WHAT YOU NEED TO DO: Once you reach the line with "在朱同学展示他的笔记本时,他" below, copy each line exactly, stopping after the line with "- The sconce", and skip any pictures.

AVAILABLE RECORDS:
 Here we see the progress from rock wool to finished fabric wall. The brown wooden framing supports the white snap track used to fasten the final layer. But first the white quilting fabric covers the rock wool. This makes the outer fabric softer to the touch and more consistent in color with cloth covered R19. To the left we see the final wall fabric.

* * *

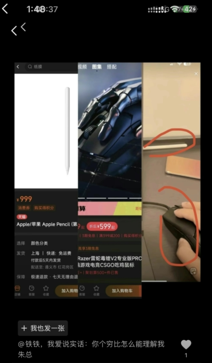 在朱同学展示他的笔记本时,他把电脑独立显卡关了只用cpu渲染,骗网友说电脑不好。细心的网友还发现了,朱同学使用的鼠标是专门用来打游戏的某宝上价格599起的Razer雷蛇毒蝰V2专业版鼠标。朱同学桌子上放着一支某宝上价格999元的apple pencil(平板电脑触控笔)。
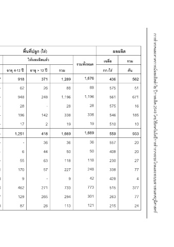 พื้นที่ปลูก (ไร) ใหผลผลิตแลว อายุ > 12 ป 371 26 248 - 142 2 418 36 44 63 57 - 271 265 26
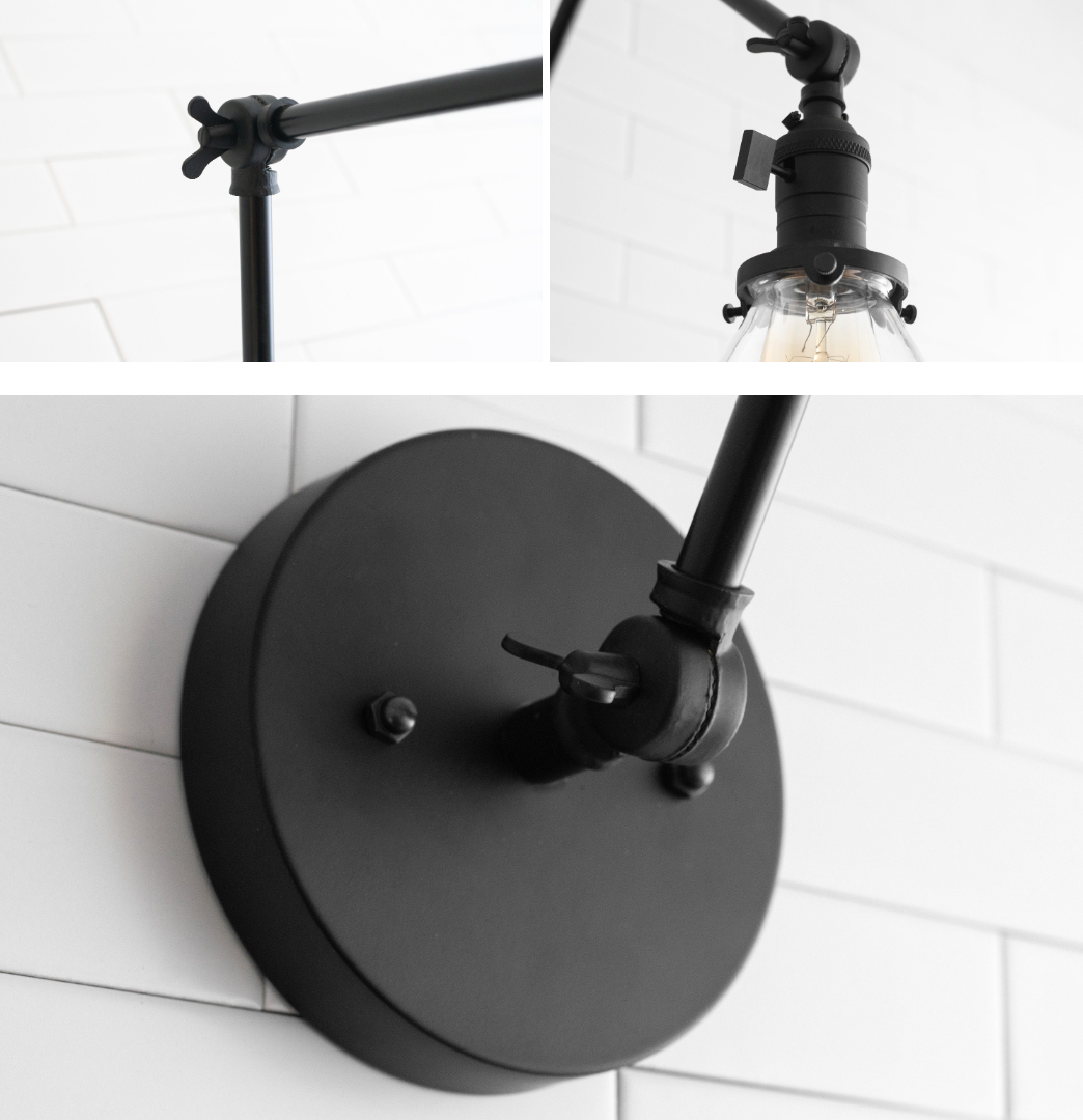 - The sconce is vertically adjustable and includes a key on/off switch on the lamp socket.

==

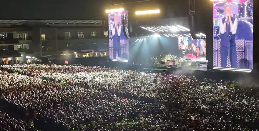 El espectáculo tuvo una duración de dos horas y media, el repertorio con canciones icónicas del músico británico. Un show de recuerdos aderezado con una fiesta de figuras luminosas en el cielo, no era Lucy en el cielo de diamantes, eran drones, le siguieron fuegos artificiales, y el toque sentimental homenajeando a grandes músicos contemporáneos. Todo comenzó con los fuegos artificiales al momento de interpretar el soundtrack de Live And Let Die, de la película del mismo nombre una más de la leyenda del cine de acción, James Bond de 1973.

OUTPUT OF THE EXERCISE:
 在朱同学展示他的笔记本时,他把电脑独立显卡关了只用cpu渲染,骗网友说电脑不好。细心的网友还发现了,朱同学使用的鼠标是专门用来打游戏的某宝上价格599起的Razer雷蛇毒蝰V2专业版鼠标。朱同学桌子上放着一支某宝上价格999元的apple pencil(平板电脑触控笔)。
 พื้นที่ปลูก (ไร) ใหผลผลิตแลว อายุ > 12 ป 371 26 248 - 142 2 418 36 44 63 57 - 271 265 26
 - The sconce is vertically adjustable and includes a key on/off switch on the lamp socket.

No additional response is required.